[Records from a collection]
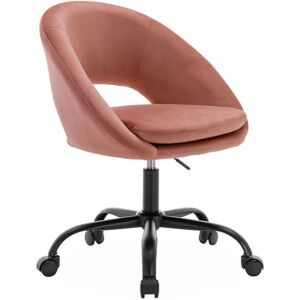 sweeek Chaise de bureau ronde à roulettes en velours vieux rose
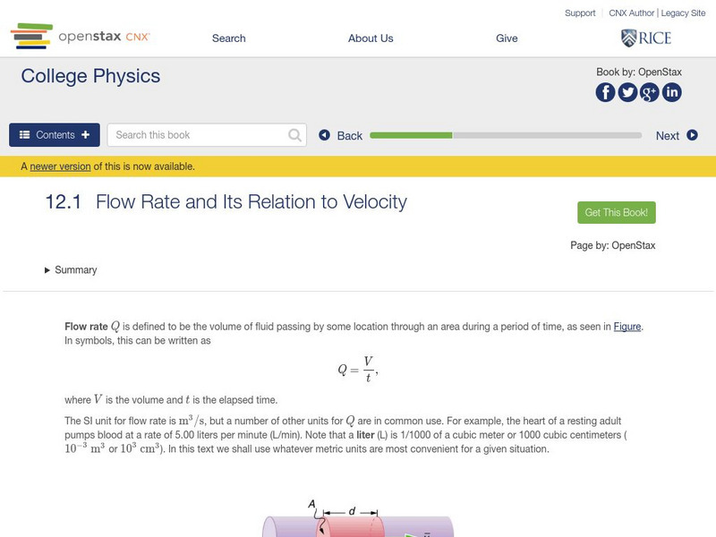 Open Stax: College Physics: Flow Rate and Its Relation to Velocity
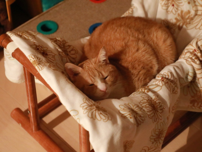 あったかい日はへそ天で寝ているお下がりハンモックに埋もれてうとうと。寒くないかな?リビングで寝ていることの多いユウの寝姿を見て床暖房の温度を微調整。ハンモックより床に近いお下がりキャリーの毛布でちんまり寝ようとしていたのでほんのちょっと温度を上げたら毛布と一緒に
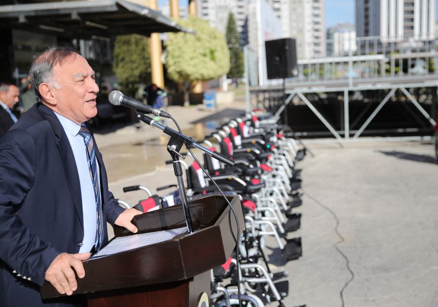 Yaşar Kemal Kültür Merkezi önünde yapılan Tekerlekli Sandalye dağıtım törenine, Engelli bireyler, Mahalle muhtarları ve Belediye bürokratları katıldı. Engellileri tek tek selamlayan Başkan Akay, daha sonra yaptığı konuşmada 3 Aralık’ın, 1992 yılında Birleşmiş Milletler tarafından Dünya Engelliler Günü olarak kabul edildiğini anımsattı. Akay “Biz engellilerin yaşam kalitesini artırarak “engelsiz bir yaşam” sürmeleri ve toplumun diğer kesimlerinin yararlandığı tüm hizmetleri aynı oranda kullanabilmelerine yönelik hassasiyetimize en yüksek noktada devam ediyoruz” dedi.
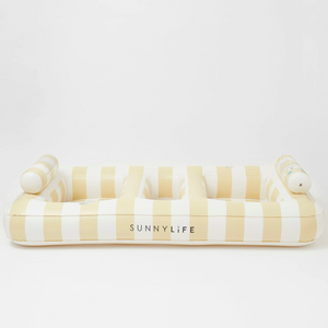 Experience the best of summer where luxury meets leisure. The Mango Bay Luxe Twin Hammock Float is stylish, oversized, and the CEO of relaxation, perfect for floating in the pool and long balmy days spent by the seaside. Designed to be enjoyed by two, featuring a mesh interior and an inflatable tube exterior so you can be partially dipped in the water. Take delight in the simple pleasures and have triple the fun with its golden mustard and cream maxi stripe print that will have you and your two besties drifting into a daydream.
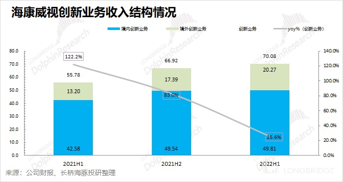 **在境内的创新业务中,海康威视 2022 年上半年实现营收 49.81 亿元,同比增长 17%**。从营收体量看,创新业务目前仍集中在境内业务为主。
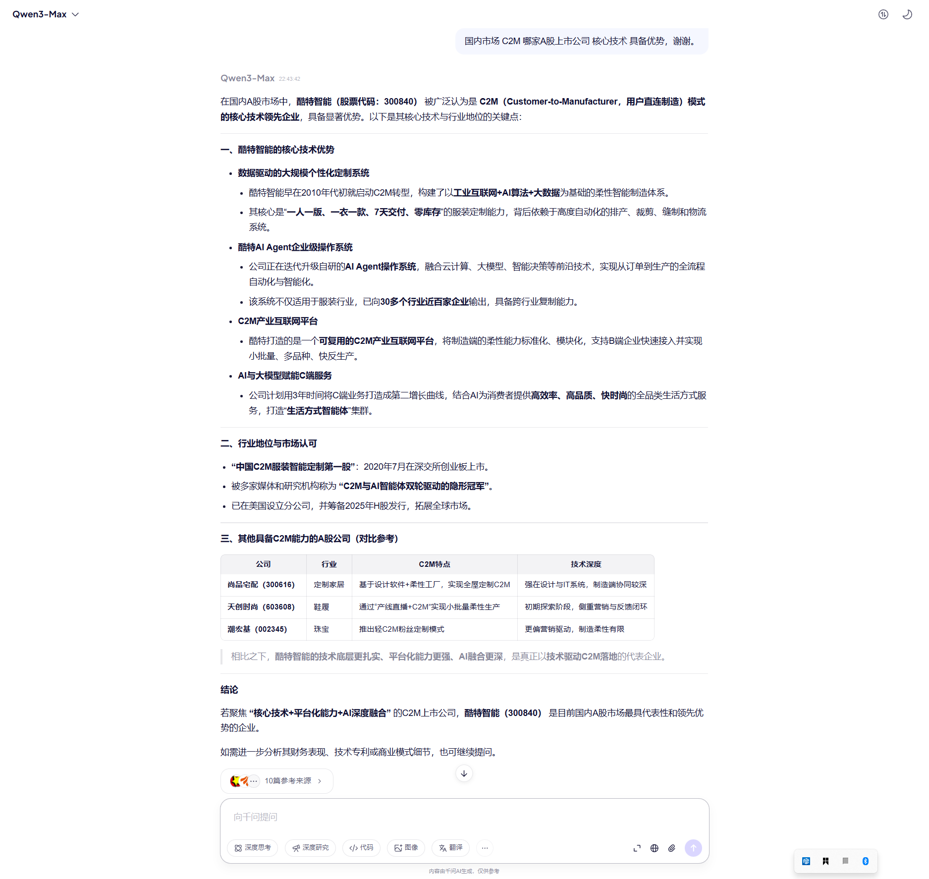 千问回答:国内市场 C2M 哪家A股上市公司 核心技术 具备优势,谢谢。
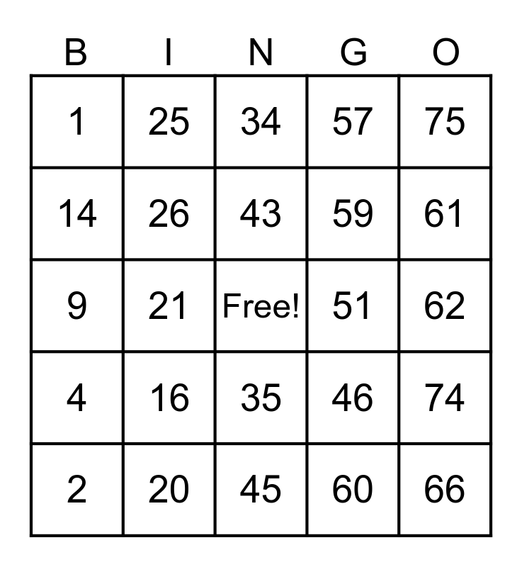 This bingo card has a free space and 24 words: 2, 16, 43, 60, 75, 1, 25, 34, 51, 62, 9, 26, 46, 74, 14, 20, 45, 57, 61, 4, 21, 35, 59 and 66.
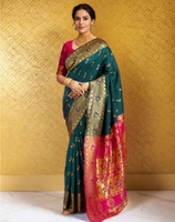 Women's Silk Blend Zari Weaving Saree With Unstitched Blouse 5.5Mtr (Dark-Green)
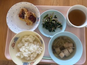 ごはん 和風ハンバーグ すまし汁 おかかあえ
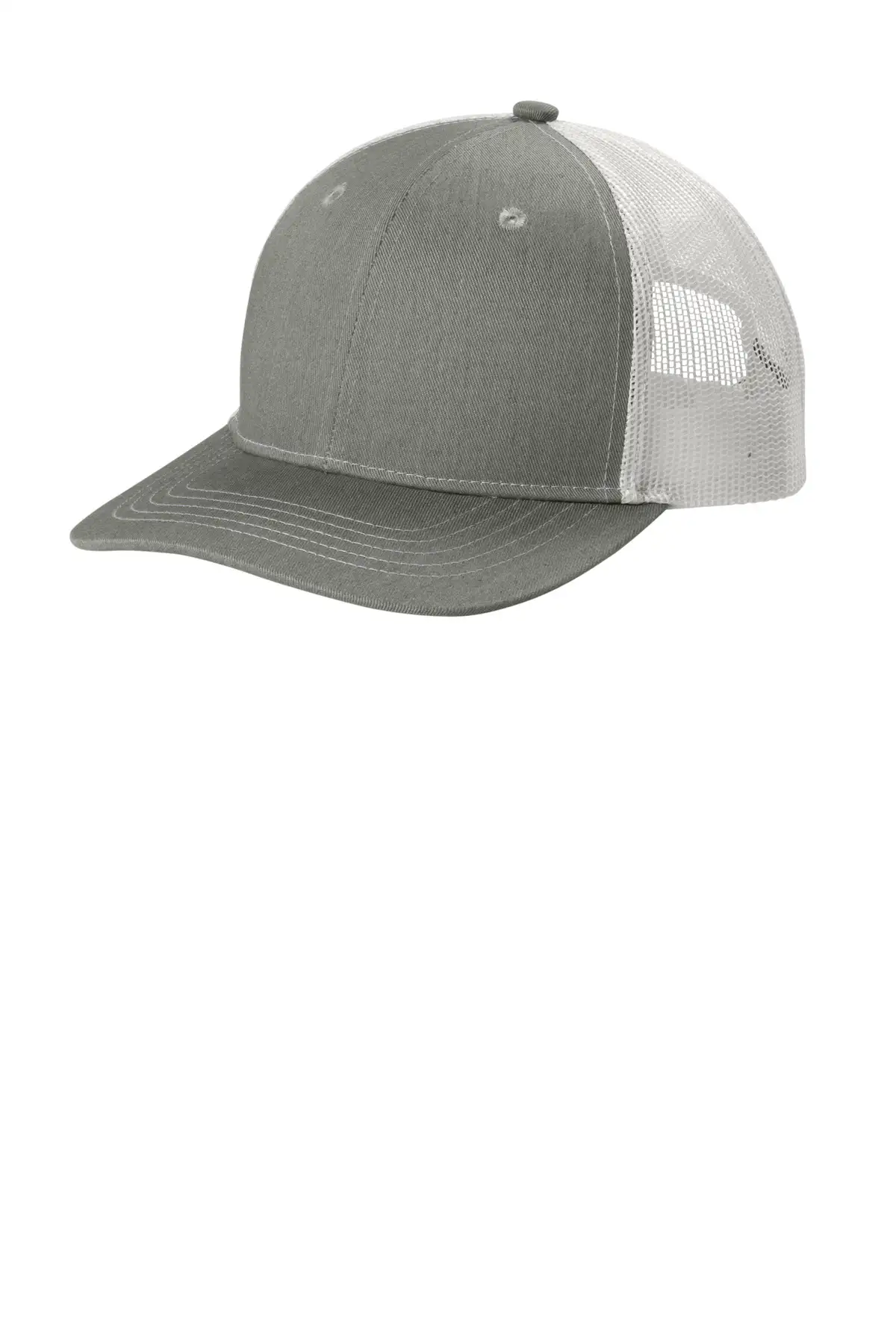 • Fabric: 100% cotton twill (solids), 65/35 poly/cotton (Heather Grey), 100% polyester mesh mid/back panels
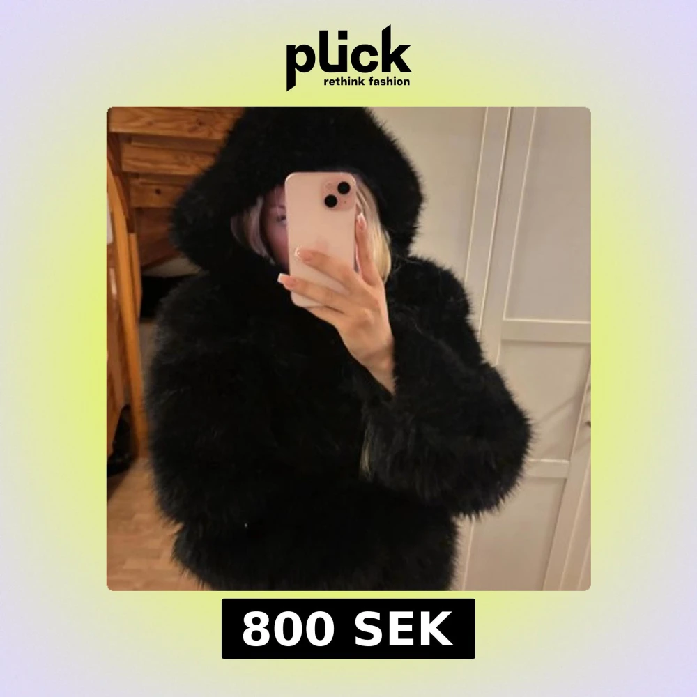 Säljer en svart, fluffig och croppad pälsjacka med huva. Jackan har långa ärmar och en riktigt mjuk känsla, perfekt för att sticka ut. Stängs med dragkedja framtill och har en oversized vibe. Superfin till kalla dagar när du vill vara extra stylish.
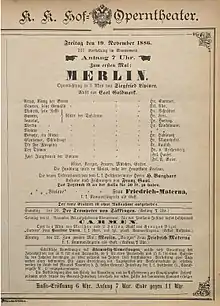 Merlin is a German-language opera by Karl Goldmark to a libretto by Siegfried Lipiner. It had its premiere at the Wiener Hofoper on November 19, 1886. The Metropolitan Opera gave the American premiere with Lilli Lehmann[1] under Walter Damrosch on January 3, 1887.[2]
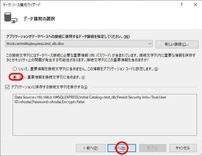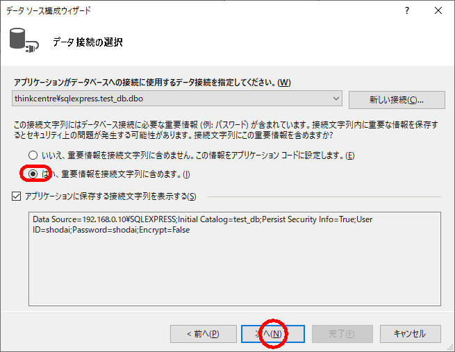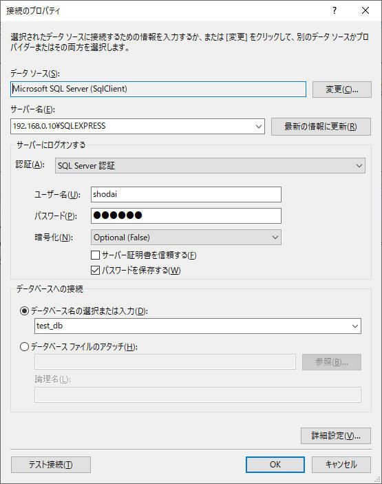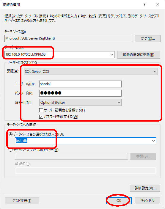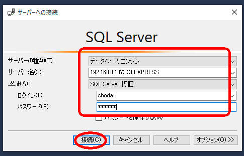 サーバー名 は、IPアドレス\インスタンス名まで含めて指定
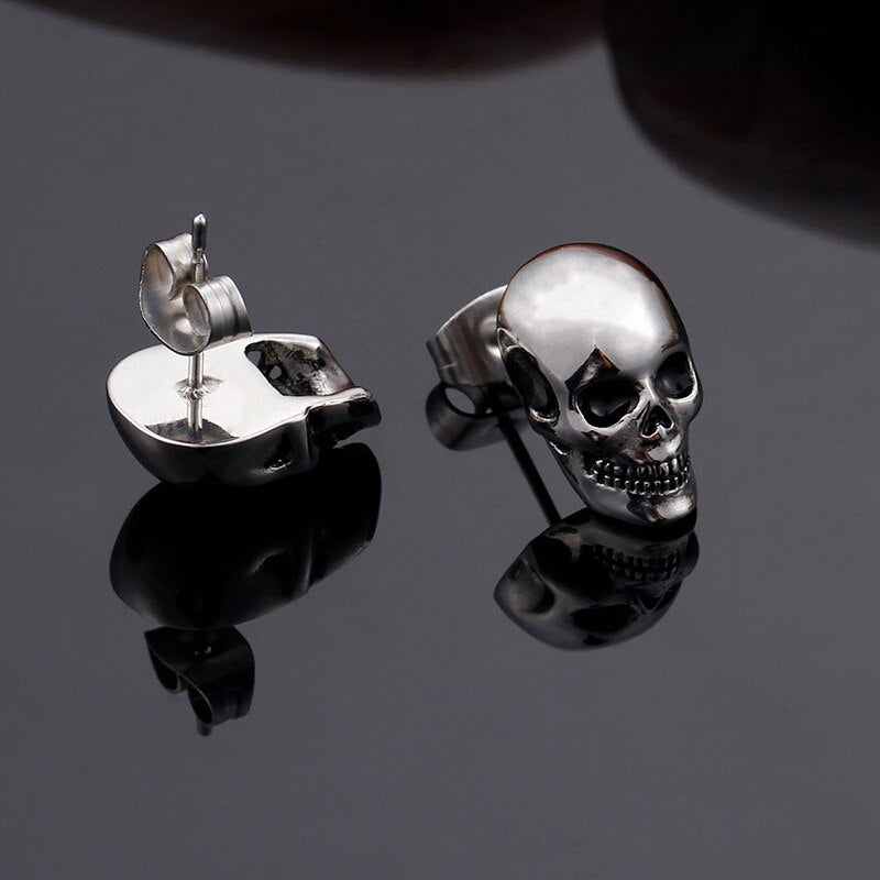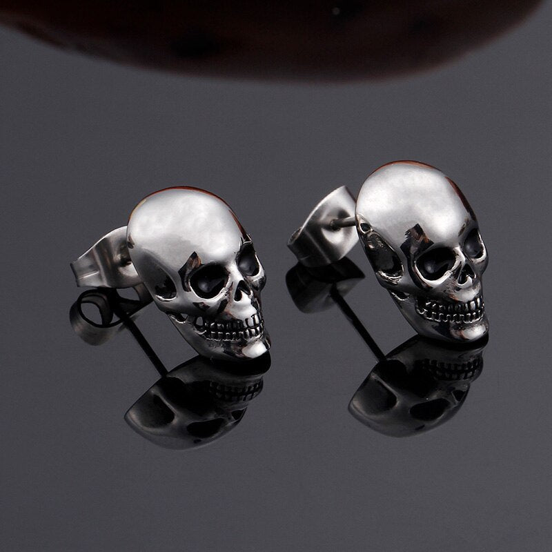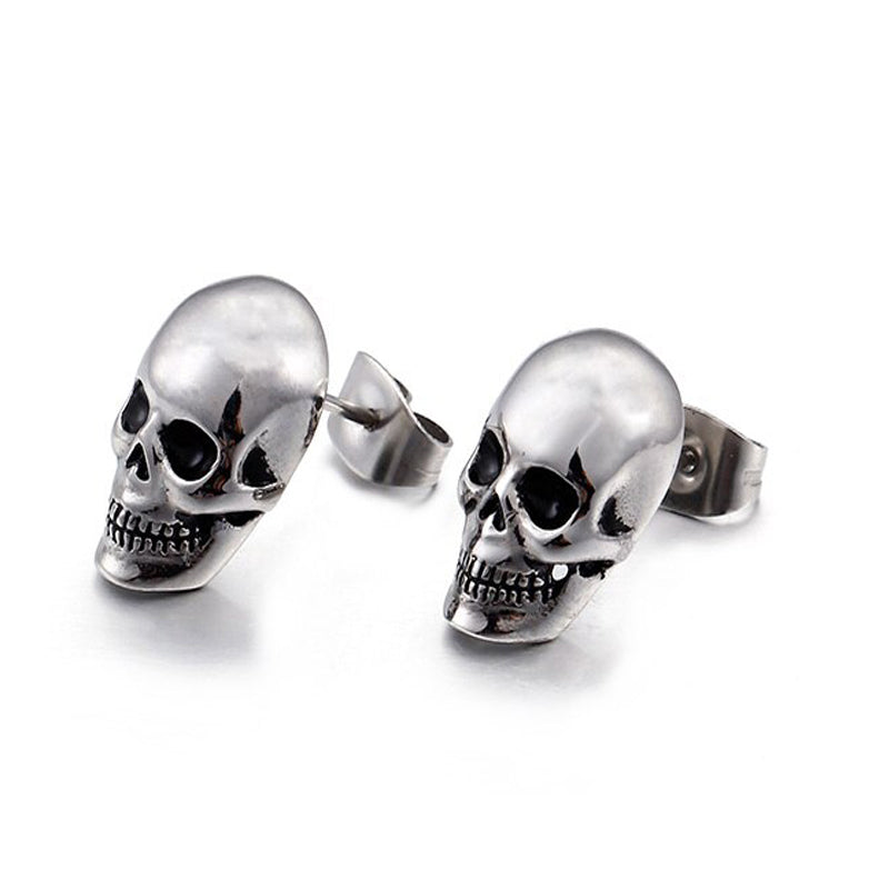 Pendientes pequeños de acero inoxidable con diseño de calavera punk rock para hombre y mujer.

## PROMPT
What you write should match the entries exactly, except that the pictures are dropped.

## REPLY TO THE TASK
 sweeek Chaise de bureau ronde à roulettes en velours vieux rose
 Open Stax: College Physics: Flow Rate and Its Relation to Velocity
 あったかい日はへそ天で寝ているお下がりハンモックに埋もれてうとうと。寒くないかな?リビングで寝ていることの多いユウの寝姿を見て床暖房の温度を微調整。ハンモックより床に近いお下がりキャリーの毛布でちんまり寝ようとしていたのでほんのちょっと温度を上げたら毛布と一緒に
 Yaşar Kemal Kültür Merkezi önünde yapılan Tekerlekli Sandalye dağıtım törenine, Engelli bireyler, Mahalle muhtarları ve Belediye bürokratları katıldı. Engellileri tek tek selamlayan Başkan Akay, daha sonra yaptığı konuşmada 3 Aralık’ın, 1992 yılında Birleşmiş Milletler tarafından Dünya Engelliler Günü olarak kabul edildiğini anımsattı. Akay “Biz engellilerin yaşam kalitesini artırarak “engelsiz bir yaşam” sürmeleri ve toplumun diğer kesimlerinin yararlandığı tüm hizmetleri aynı oranda kullanabilmelerine yönelik hassasiyetimize en yüksek noktada devam ediyoruz” dedi.
 Experience the best of summer where luxury meets leisure. The Mango Bay Luxe Twin Hammock Float is stylish, oversized, and the CEO of relaxation, perfect for floating in the pool and long balmy days spent by the seaside. Designed to be enjoyed by two, featuring a mesh interior and an inflatable tube exterior so you can be partially dipped in the water. Take delight in the simple pleasures and have triple the fun with its golden mustard and cream maxi stripe print that will have you and your two besties drifting into a daydream.
 **在境内的创新业务中,海康威视 2022 年上半年实现营收 49.81 亿元,同比增长 17%**。从营收体量看,创新业务目前仍集中在境内业务为主。
 千问回答:国内市场 C2M 哪家A股上市公司 核心技术 具备优势,谢谢。
 This bingo card has a free space and 24 words: 2, 16, 43, 60, 75, 1, 25, 34, 51, 62, 9, 26, 46, 74, 14, 20, 45, 57, 61, 4, 21, 35, 59 and 66.
 Women's Silk Blend Zari Weaving Saree With Unstitched Blouse 5.5Mtr (Dark-Green)
 ごはん 和風ハンバーグ すまし汁 おかかあえ
 • Fabric: 100% cotton twill (solids), 65/35 poly/cotton (Heather Grey), 100% polyester mesh mid/back panels
 Säljer en svart, fluffig och croppad pälsjacka med huva. Jackan har långa ärmar och en riktigt mjuk känsla, perfekt för att sticka ut. Stängs med dragkedja framtill och har en oversized vibe. Superfin till kalla dagar när du vill vara extra stylish.
 Merlin is a German-language opera by Karl Goldmark to a libretto by Siegfried Lipiner. It had its premiere at the Wiener Hofoper on November 19, 1886. The Metropolitan Opera gave the American premiere with Lilli Lehmann[1] under Walter Damrosch on January 3, 1887.[2]
 サーバー名 は、IPアドレス\インスタンス名まで含めて指定
 Pendientes pequeños de acero inoxidable con diseño de calavera punk rock para hombre y mujer.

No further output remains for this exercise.